O próximo capítulo busca viabilizar a identificação empírica das hipóteses consolidadas neste último modelo. A metodologia para estimação empírica a ser conduzida é então discutida e um modelo empírico é apresentado.

4 CÂMBIO E MUDANÇA ESTRUTURAL: METODOLOGIA

DE PESQUISA EMPÍRICA

4.1 Introdução

O modelo construído no Capítulo anterior estabelece um importante efeito do câmbio real sobre a taxa de crescimento de longo prazo da economia. Este efeito decorre da relação entre a taxa de câmbio e a elasticidade-renda da demanda pela produção nacional (refletida no padrão de especialização). Não se supõe, contudo, que a taxa de câmbio possa ter influência sobre a determinação da elasticidade-renda da demanda de um bem ou setor produtivo, as quais são mantidas exógenas (é mais plausível aceitar que as elasticidades setoriais são determinadas por características da sua demanda e aspectos qualitativos dos bens). Antes, assume-se que o câmbio real, através dos seus efeitos distributivos, promove uma reorientação setorial dos investimentos, o que deve alterar a participação dos setores tanto na estrutura produtiva quanto no padrão de especialização do país. Sendo válido o efeito composição, a elasticidade total será o somatório das elasticidades setoriais (exógenas) ponderadas por sua participação na pauta comercial (determinada pela taxa de câmbio) do país. Há, no entanto, respaldo empírico para esta construção? Vale dizer, a taxa de câmbio real é realmente capaz de promover a mudança estrutural? Mais que isso, conforme aventado anteriormente, seria o câmbio real capaz de promover a migração dos fatores produtivos rumo a setores mais dinâmicos (de maior elasticidade-renda da demanda), alterando o padrão de especialização destas economias e relaxando a restrição externa sobre seu crescimento?

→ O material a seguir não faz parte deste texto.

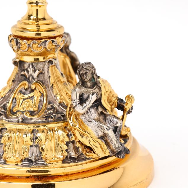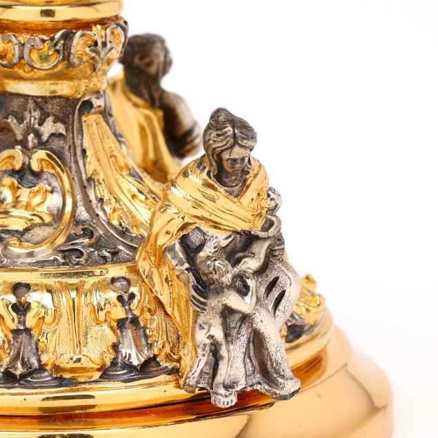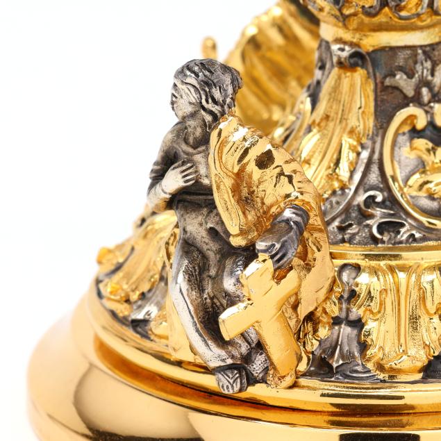 20th century, two toned silver and gilt decorated, in the baroque style with saintly figures and acanthus leaves to the base, figureheads to the shaft, and rocaille shell and cartouches to the bowl, five part assembled form, XRF tests .800 silver content.
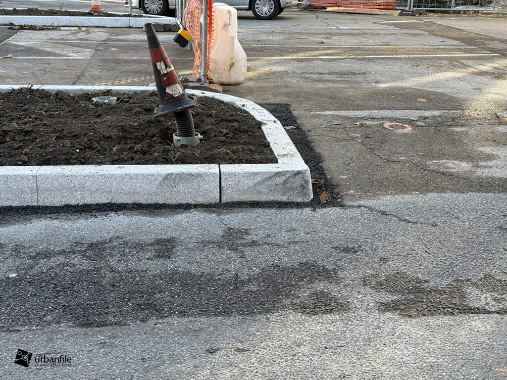 La parte centrale della piazza è quasi pronta. Sono stati sostituiti anche i binari dei tram.

Estas são algumas das perguntas centrais deste trabalho. Enquanto este Capítulo procura formular o problema metodologicamente, os seguintes fazem aplicações empíricas e discutem seus resultados. Especificamente, tendo em vista a teoria desenvolvida nos Capítulos anteriores, busca-se aqui construir um modelo

empírico para a estimação da relação entre o câmbio real e a estrutura produtiva, convalidando diferentes estratégias de mensuração e validação dos resultados. Procura-se assim contribuir para a elucidação deste controverso ponto da literatura econômica, fornecendo importantes subsídios para o correto entendimento do papel do câmbio real para o desenvolvimento econômico.